» WHAT TO DO:
Please print, exactly, only the lines in the entries below from the line that has "Standard: Tested to" through the line that has "並んでいましたが、そんなに待". Pictures don't go in.

*** SUPPLIED DATA ***

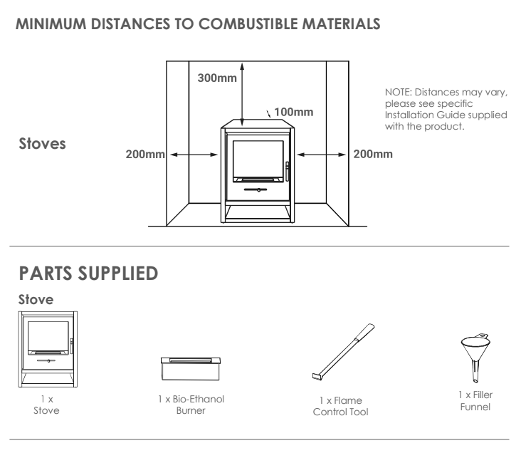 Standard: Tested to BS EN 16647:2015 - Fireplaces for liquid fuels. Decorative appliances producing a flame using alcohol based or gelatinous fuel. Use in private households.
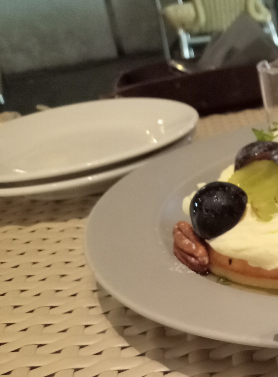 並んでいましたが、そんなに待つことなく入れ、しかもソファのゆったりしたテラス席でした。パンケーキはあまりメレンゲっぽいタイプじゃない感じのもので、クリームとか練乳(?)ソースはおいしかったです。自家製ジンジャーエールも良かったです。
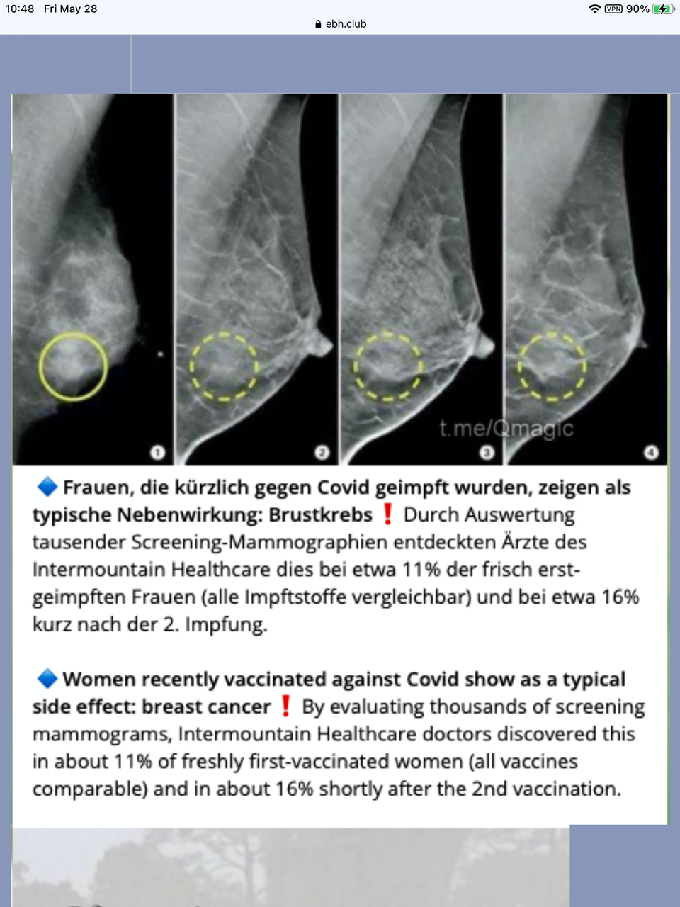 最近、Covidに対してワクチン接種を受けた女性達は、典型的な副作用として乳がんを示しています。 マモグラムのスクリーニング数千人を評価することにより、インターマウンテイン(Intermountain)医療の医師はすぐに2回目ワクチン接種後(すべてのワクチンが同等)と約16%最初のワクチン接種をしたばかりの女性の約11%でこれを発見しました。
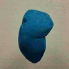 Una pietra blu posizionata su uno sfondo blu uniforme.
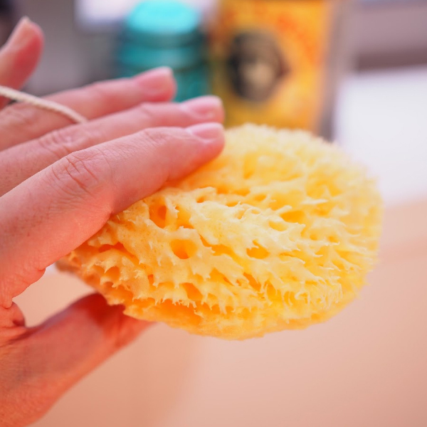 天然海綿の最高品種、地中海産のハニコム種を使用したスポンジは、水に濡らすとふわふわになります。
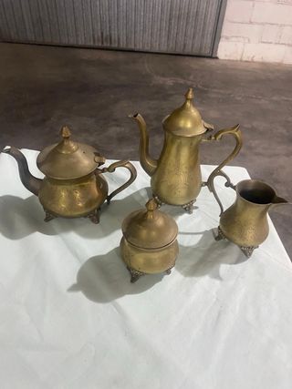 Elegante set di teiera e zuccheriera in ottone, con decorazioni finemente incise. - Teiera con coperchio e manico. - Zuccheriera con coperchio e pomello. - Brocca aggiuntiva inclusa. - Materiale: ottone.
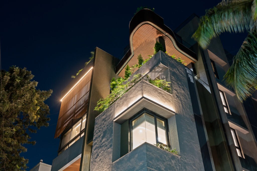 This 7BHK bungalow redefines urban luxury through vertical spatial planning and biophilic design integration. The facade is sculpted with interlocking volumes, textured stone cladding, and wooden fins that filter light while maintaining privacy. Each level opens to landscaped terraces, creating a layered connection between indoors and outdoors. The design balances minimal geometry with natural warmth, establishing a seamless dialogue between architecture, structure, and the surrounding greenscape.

*** End of SUPPLIED DATA ***
*** SUPPLIED DATA ***

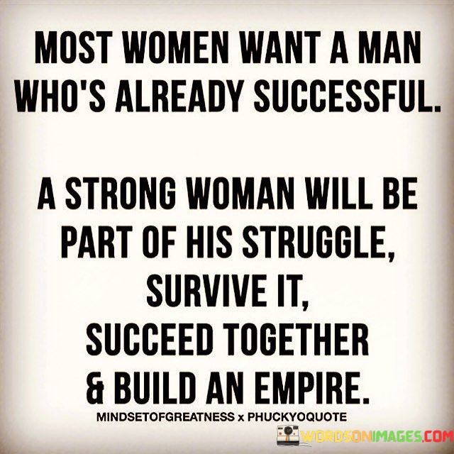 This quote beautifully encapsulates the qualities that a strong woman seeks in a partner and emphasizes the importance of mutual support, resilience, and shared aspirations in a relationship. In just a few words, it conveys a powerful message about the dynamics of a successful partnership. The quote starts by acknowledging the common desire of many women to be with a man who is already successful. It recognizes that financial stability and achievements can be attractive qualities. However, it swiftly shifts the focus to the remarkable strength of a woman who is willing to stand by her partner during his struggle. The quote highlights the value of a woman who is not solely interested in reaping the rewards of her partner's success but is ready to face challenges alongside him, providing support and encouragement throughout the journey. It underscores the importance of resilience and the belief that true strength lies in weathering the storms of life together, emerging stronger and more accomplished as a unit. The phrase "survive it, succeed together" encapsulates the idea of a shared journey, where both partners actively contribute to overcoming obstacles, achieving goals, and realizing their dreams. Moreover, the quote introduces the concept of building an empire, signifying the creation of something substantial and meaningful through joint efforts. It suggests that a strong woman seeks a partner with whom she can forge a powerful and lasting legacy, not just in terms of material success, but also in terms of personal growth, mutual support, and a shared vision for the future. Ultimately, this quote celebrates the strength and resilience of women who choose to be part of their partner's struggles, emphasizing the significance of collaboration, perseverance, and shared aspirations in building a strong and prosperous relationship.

*** End of SUPPLIED DATA ***

» ANSWER BOX:
 Standard: Tested to BS EN 16647:2015 - Fireplaces for liquid fuels. Decorative appliances producing a flame using alcohol based or gelatinous fuel. Use in private households.
 並んでいましたが、そんなに待つことなく入れ、しかもソファのゆったりしたテラス席でした。パンケーキはあまりメレンゲっぽいタイプじゃない感じのもので、クリームとか練乳(?)ソースはおいしかったです。自家製ジンジャーエールも良かったです。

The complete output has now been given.